Another takeaway from Jones’ Toastmasters experience? “It’s a great place to network and find friends.” In her group, members ranged in age from 20 to 77 and from entry-level workers to CEOs. “Members often return to mentor and give back,” she said.
Rochelle Rice, a former professional jazz dancer, learned how to become an award winning public speaker at Toastmasters. “I knew how to move my body and I knew how to speak. Toastmasters taught me how to blend the two,” she said.
As a member of Bryant Park Toastmasters for more than two decades, Rice is now a paid public speaker and “conference energizer” with topics like “Creating a Buffet of Movement,” “Size Sensitivity in the Workplace” and more.

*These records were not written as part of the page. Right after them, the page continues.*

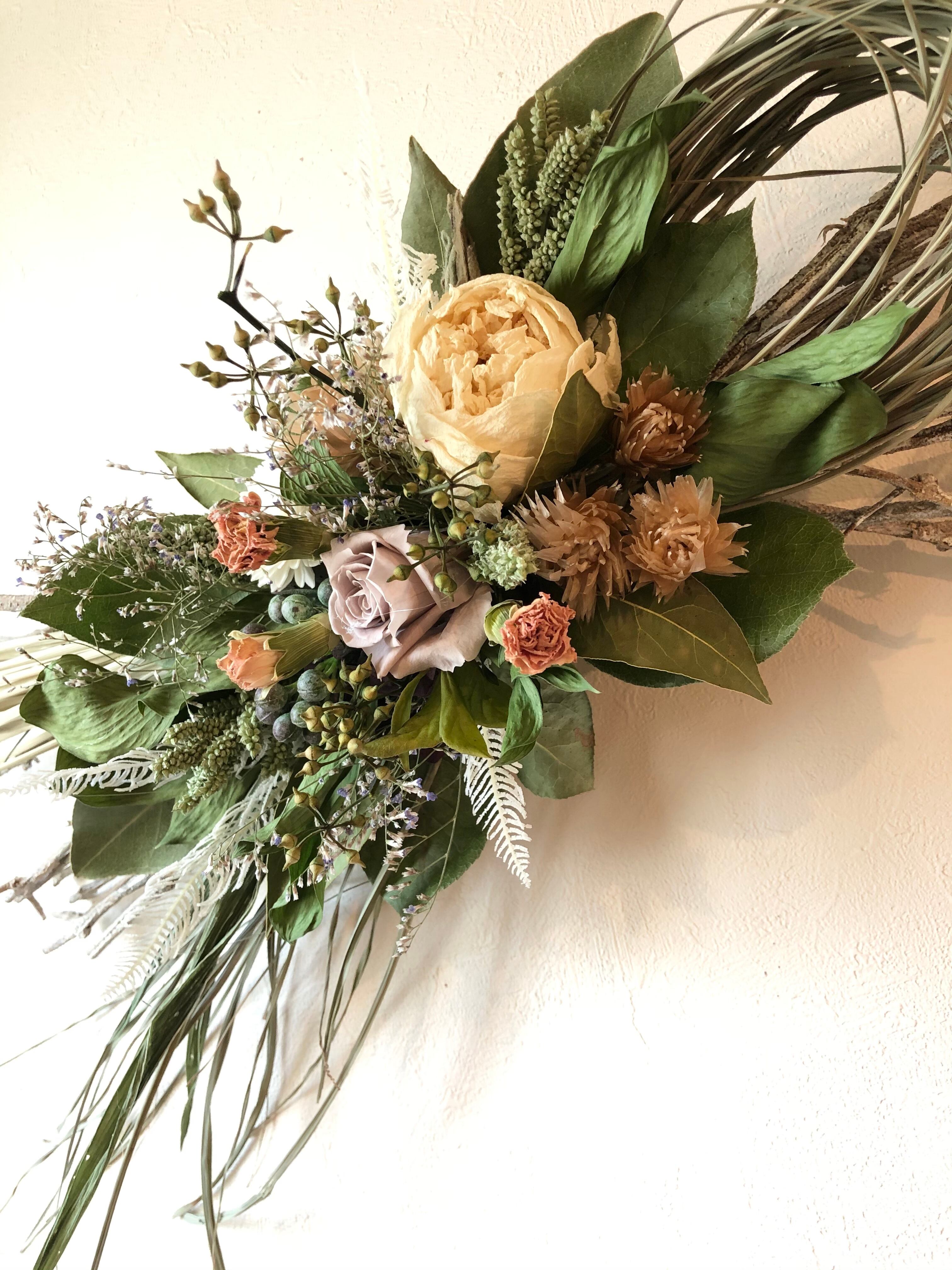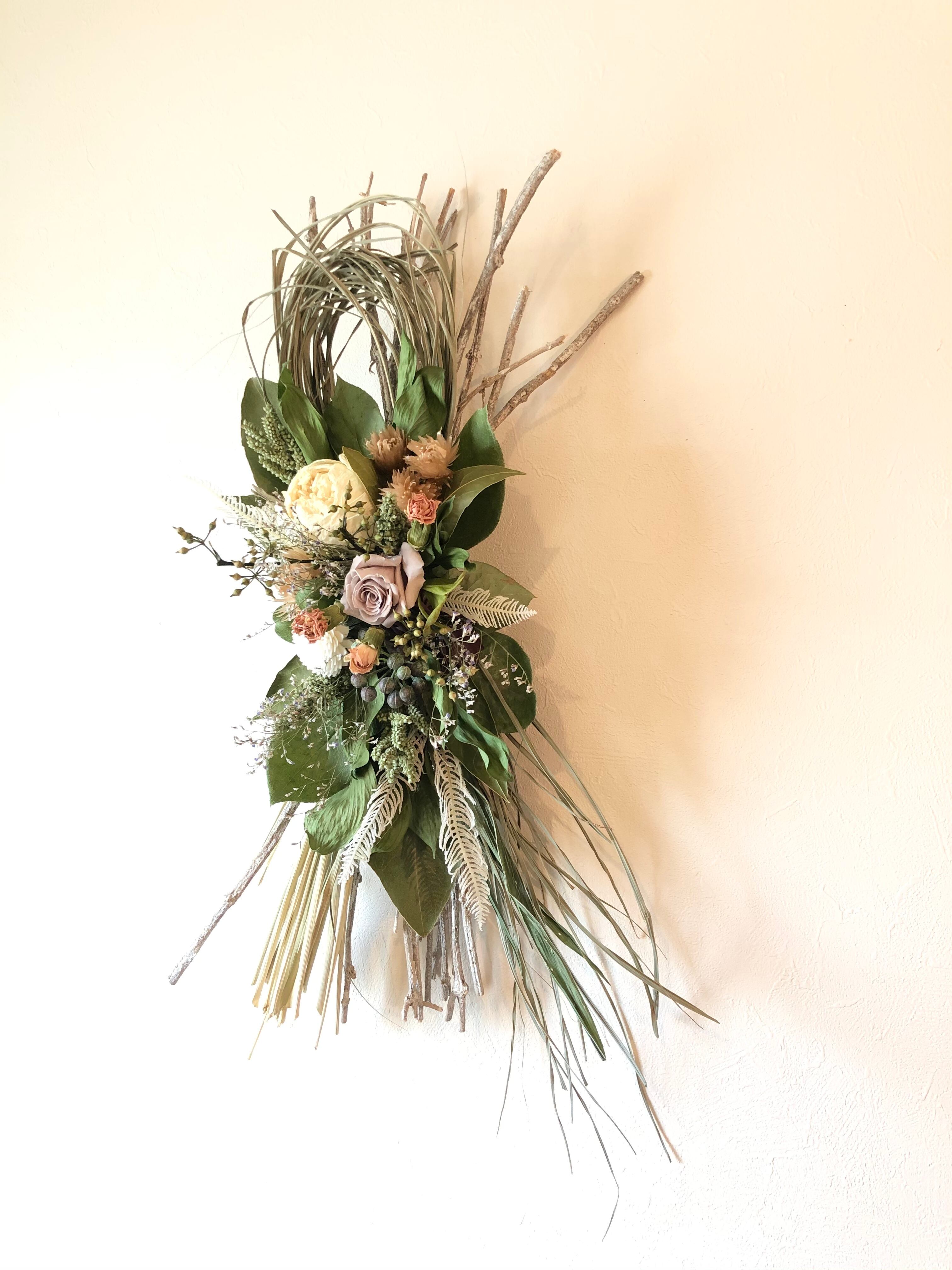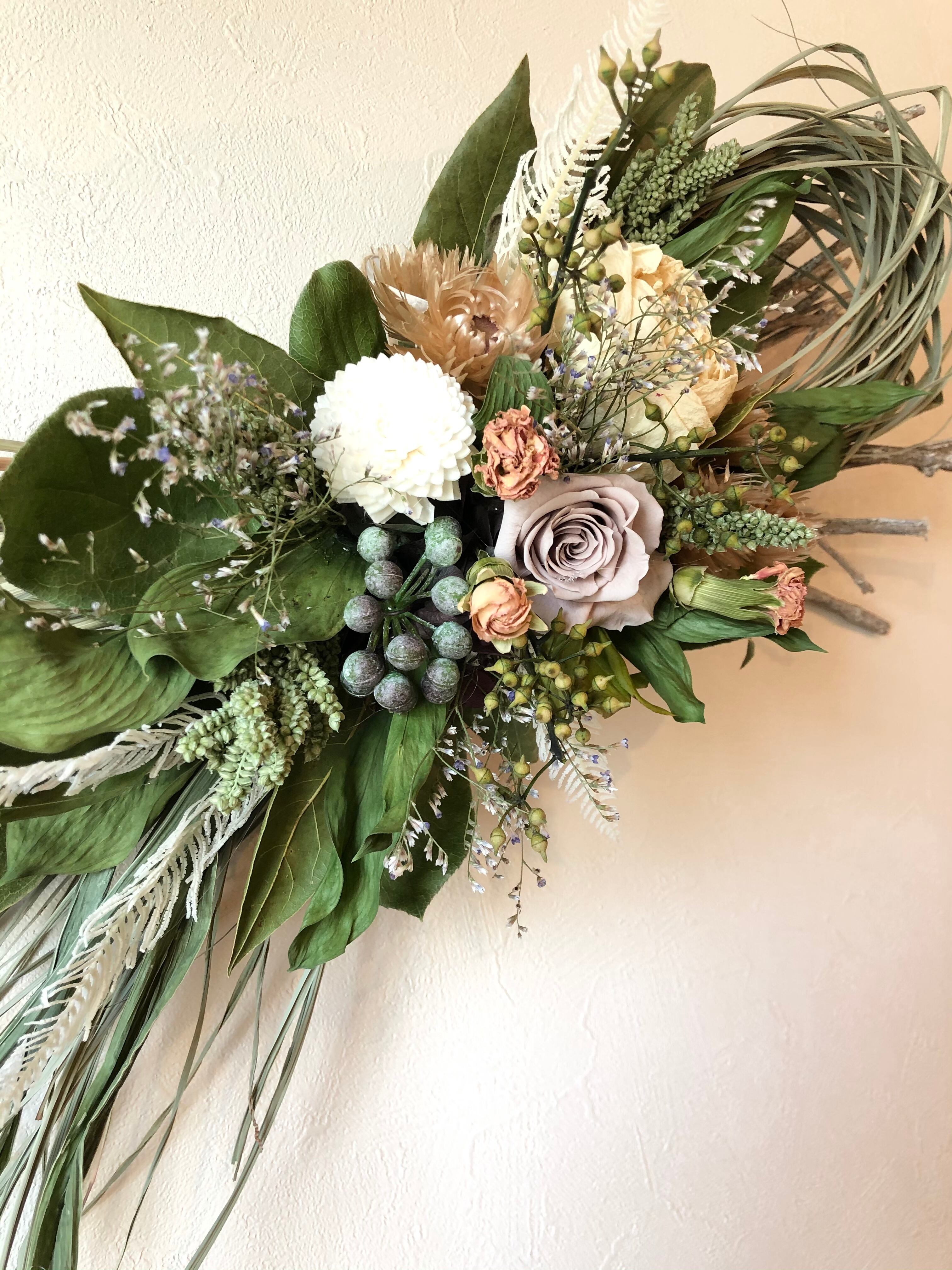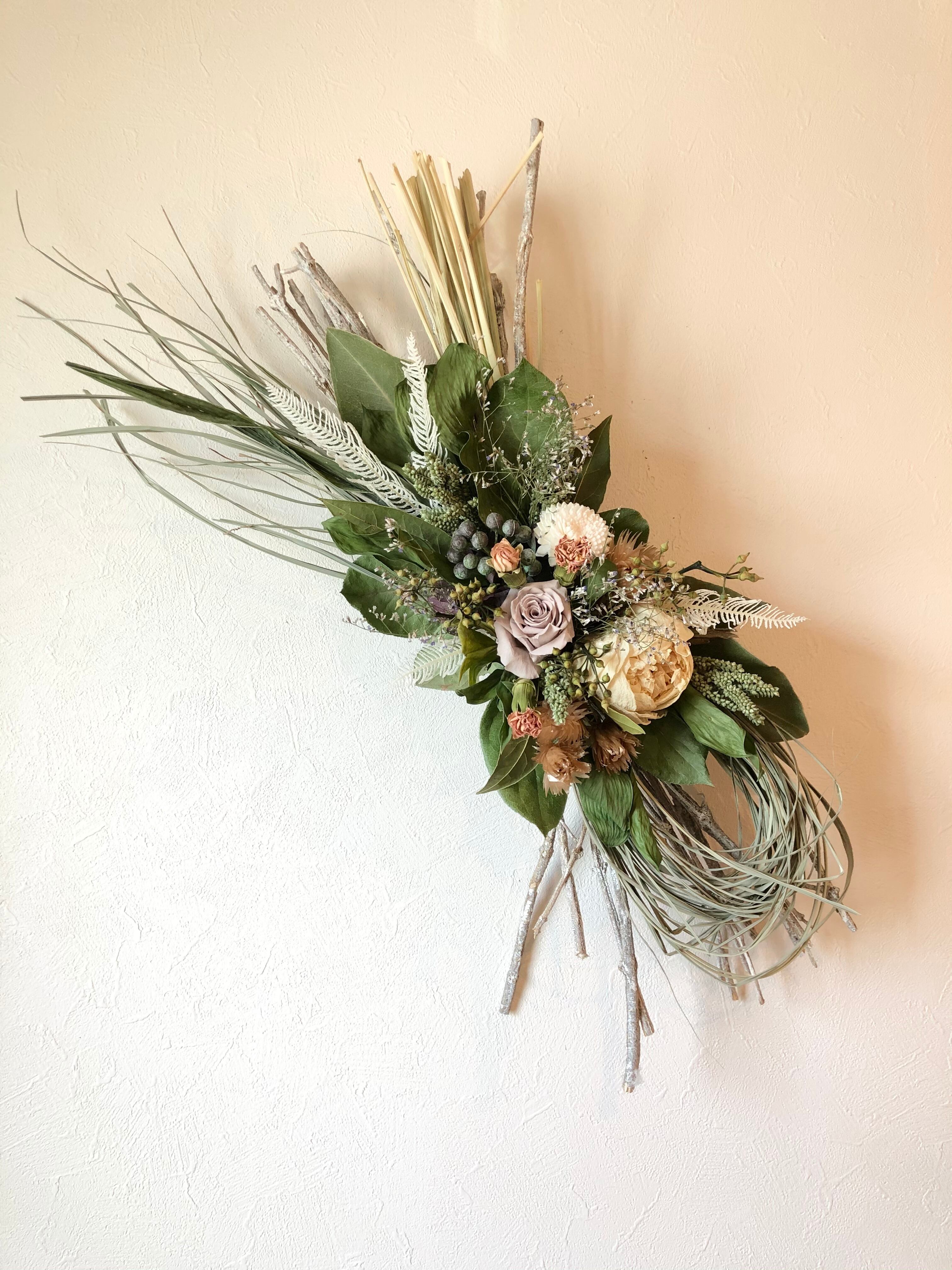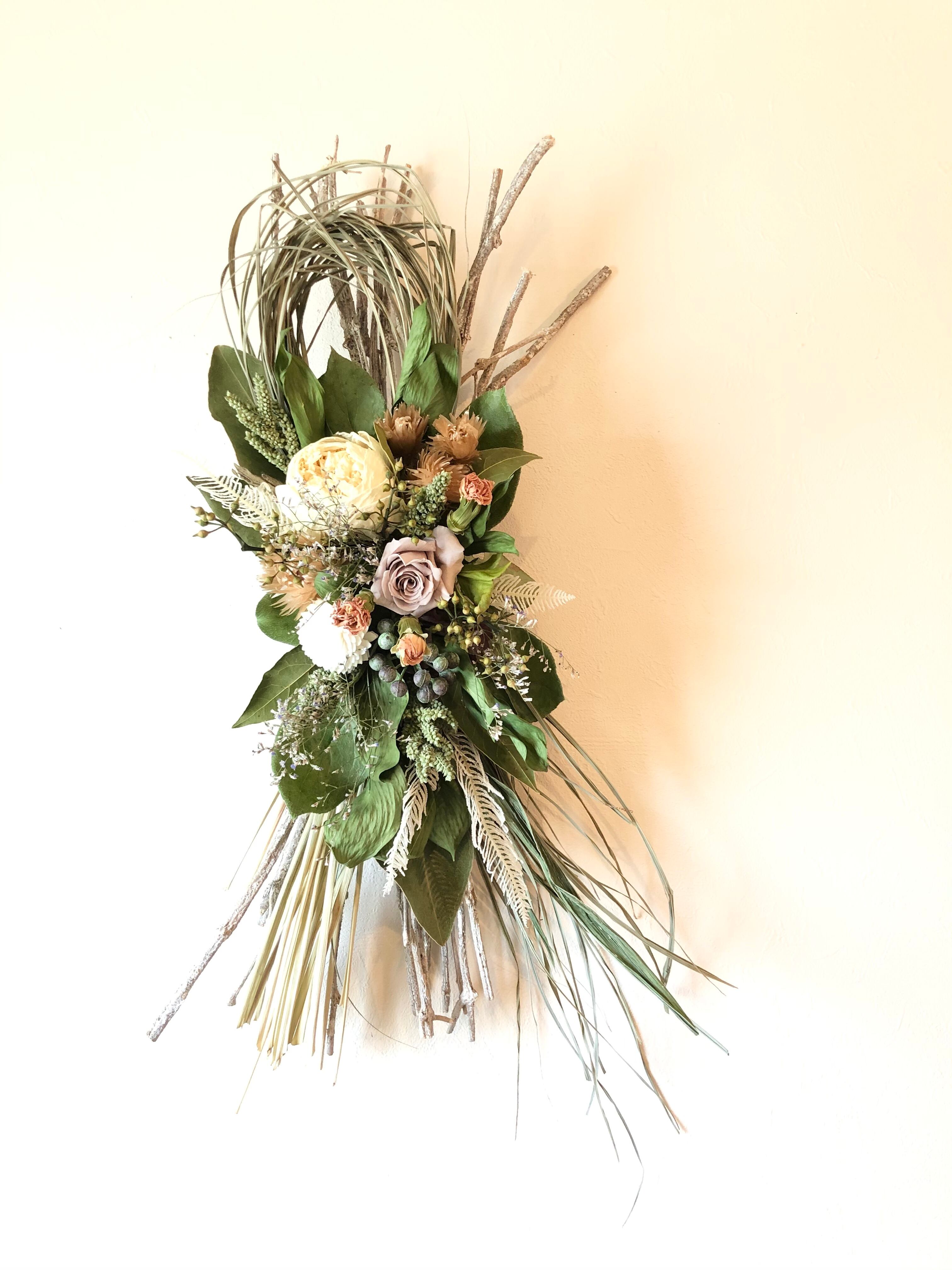 ホワイトウォッシュにペイントした枝とレモングラスを合わせたベースに、シックな白ベージュ系の花材をアレンジ。
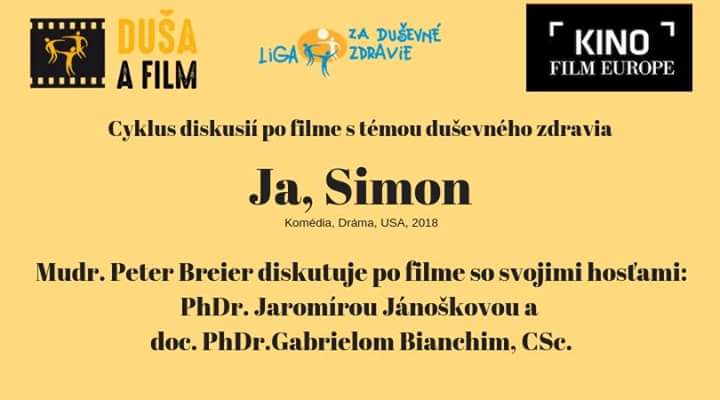 Prvý film sa bude premietať 8.októbra pri príležitosti Svetového dňa duševného zdravia, ktorým je 10. október. Jeho témou je v tomto roku Duševné zdravie detí a mládeže so zameraním na coming-out pri problémoch spojených so sexuálnou orientáciou. Premietať sa bude nový americký film Ja, Simon. Diskutovať budú PhDr. Jaromíra Jánošková a doc. PhDr.Gabriel Bianchi, CSc.
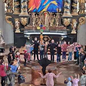 Das Wetter war perfekt und so starteten wir, von unserer wunderschönen Pfarrkirche aus, den in sieben Stationen aufgeteilten letzten Weg Jesu. Jedes Kind bekam am Anfang ein kleines Kreuz und hierzu bei jeder Station eine Art Puzzleteil in verschiedenen Farben - damit das Kreuz am Ende bunt war.
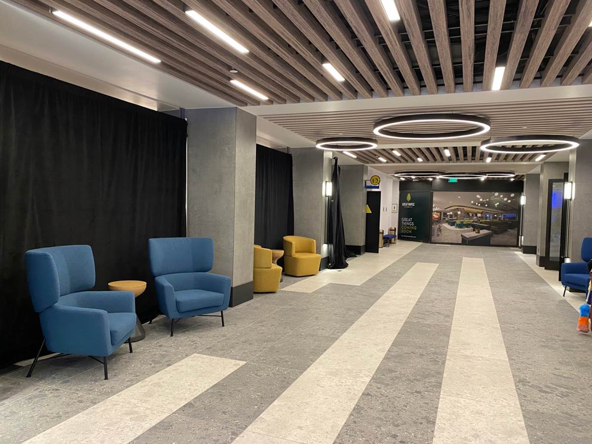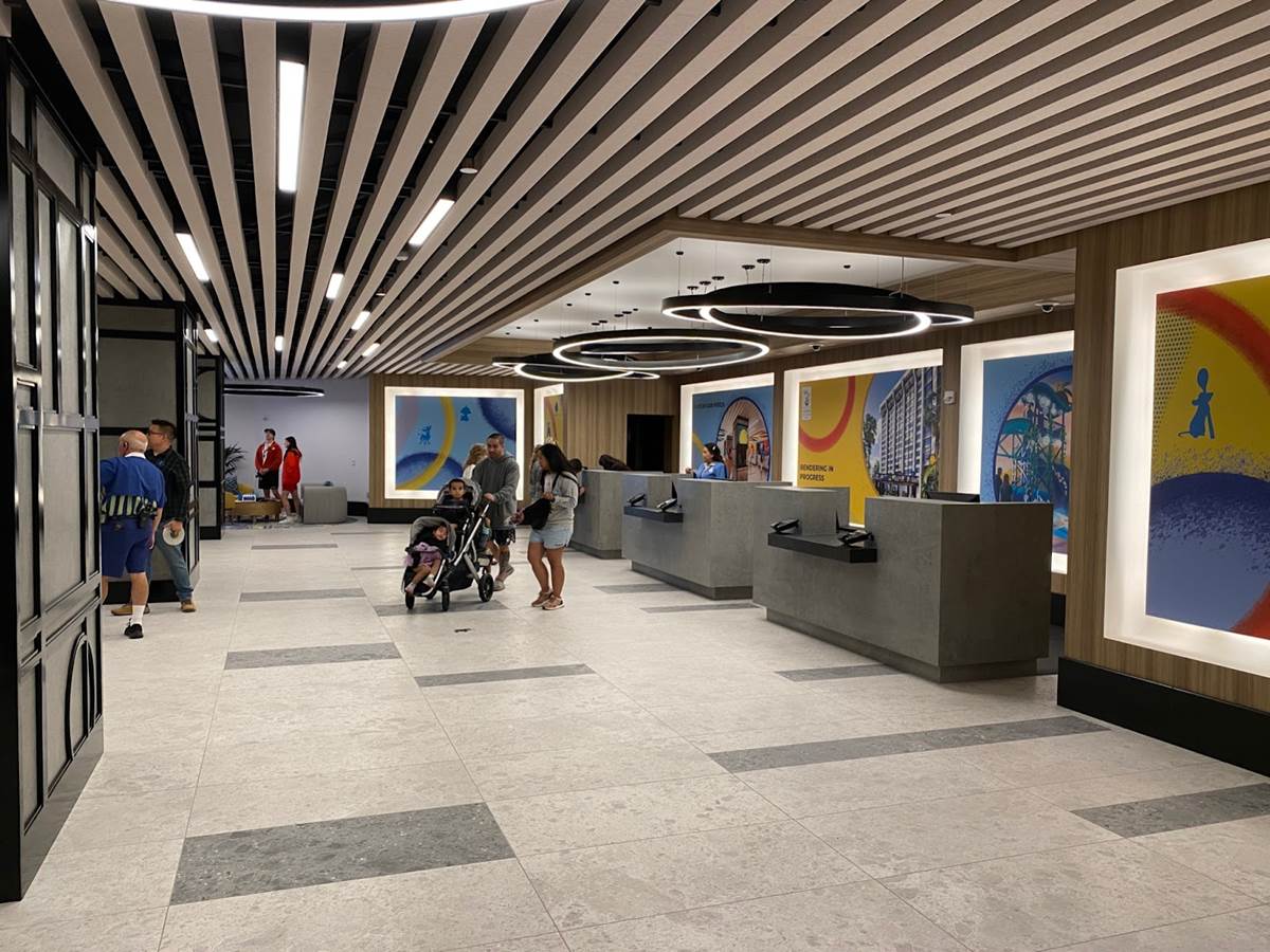 The check-in area has been expanded along with new, more open desks. New art, as well as concept art showcasing the future of the hotel decorates the area.

Despite the fact that Rice has given almost 1,000 keynotes, she still gets nervous before speaking, but that doesn’t dissuade her. “Toastmasters has provided me with structure,” she said. “My change in confidence level is tremendous.”
The organization most recently introduced a “learning paths” curriculum which includes dynamic leadership, structured coaching, engaging humor, innovative planning, leadership development and more. Each path ends with an ability to demonstrate what you have just learned.
There are also opportunities to become club officers, treasurers, public relations specialists, meeting organizers and more.
“You can gain experience here that may not be available to you at work,” said Kidwingira.